# FreeBSD USB driver



## vishalu93 (Aug 11, 2009)

I am trying to understand FreeBSD USB driver stack. The code is not commented and hence it is difficult/time consuming to understand the code. Are there any documents available describing different functions of USB driver.


----------



## danger@ (Aug 11, 2009)

I am not sure whether you are reading the FreeBSD 8.0 usb code, and if that's not the case I highly recommend you to do that, as usb stack has been completely replaced in the upcoming release by the new one.
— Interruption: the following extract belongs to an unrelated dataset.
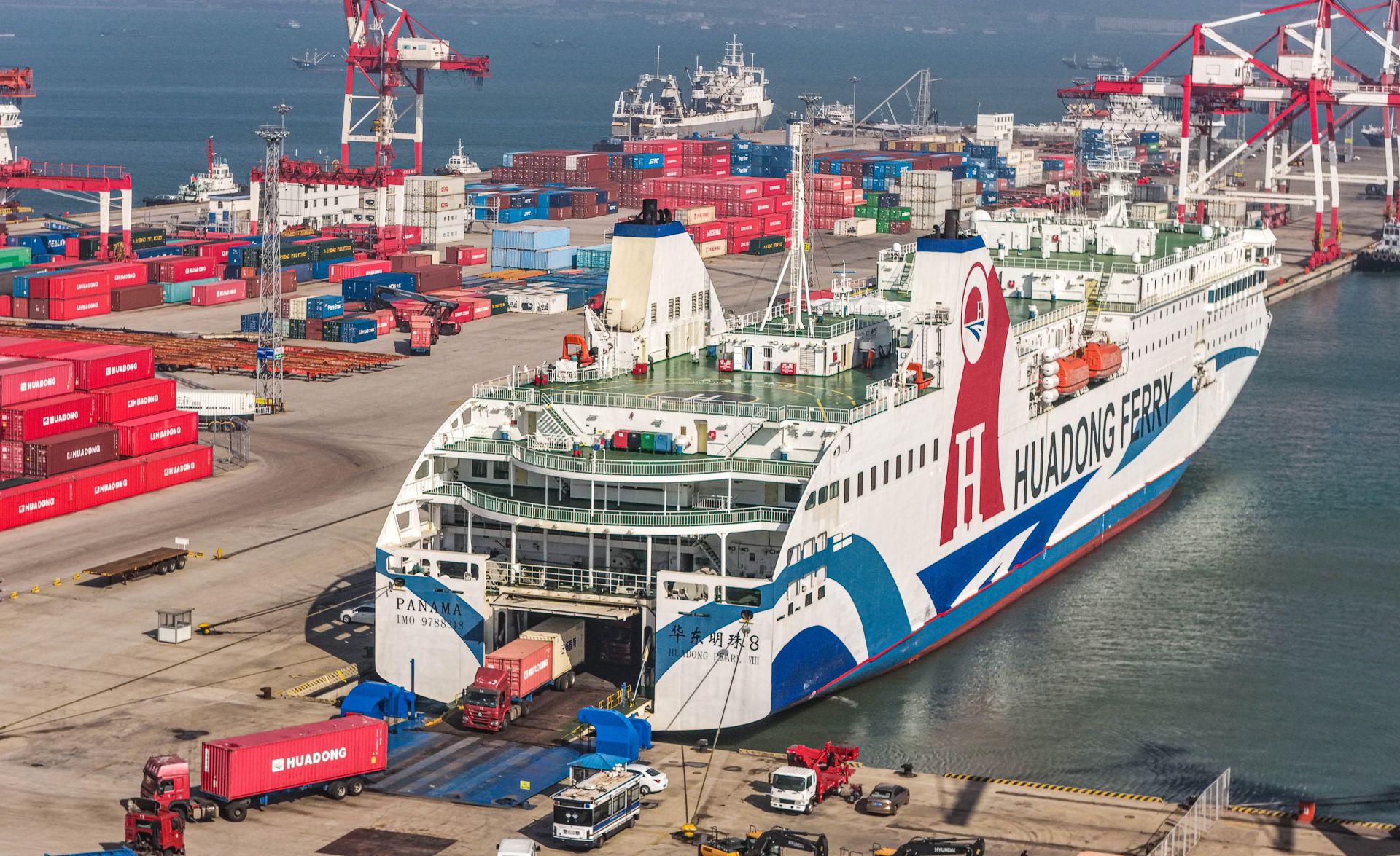 11月1日,山東省榮成市石島管理區(qū)石島新港口岸,外籍客貨滾裝船在裝卸貨物(無人機(jī)照片)。
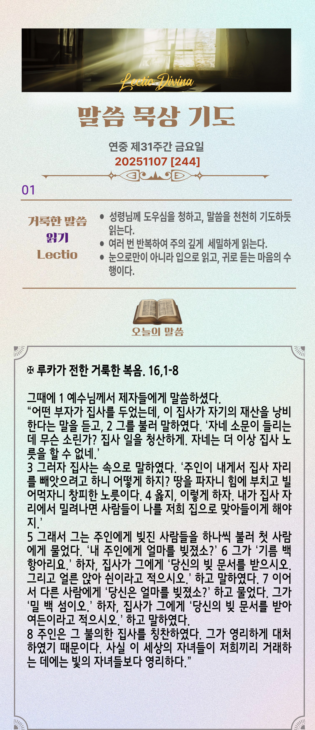 말씀묵상기도 LECTIO DIVINA [244] 20251107 연중 제31주간 금요일

It is being maintained by Hans Peter Selasky (hps@).


----------



## vishalu93 (Aug 12, 2009)

I am using FreeBSD version 6.0 as my project is based on that version of FreeBSD. Are there any documents available for that version?


----------



## SirDice (Aug 12, 2009)

vishalu93 said:
			
		

> I am using FreeBSD version 6.0 as my project is based on that version of FreeBSD.


You do realize 6.0 is EOL?


----------



## vishalu93 (Jun 23, 2011)

Are there any documents which I can read to understand FreeBSD 8.0 USB code?


----------



## richardpl (Jun 23, 2011)

http://www.selasky.org/hans_petter/usb4bsd/index_Obj8_00.html

You can also ask questions on freebsd-usb@ mailing list.


----------



## SirDice (Jun 23, 2011)

vishalu93 said:
			
		

> Are there any documents which I can read to understand FreeBSD 8.0 USB code?



FreeBSD Architecture Handbook: Chapter 13 USB Devices


----------



## vishalu93 (Jun 23, 2011)

Thanks Guys!


----------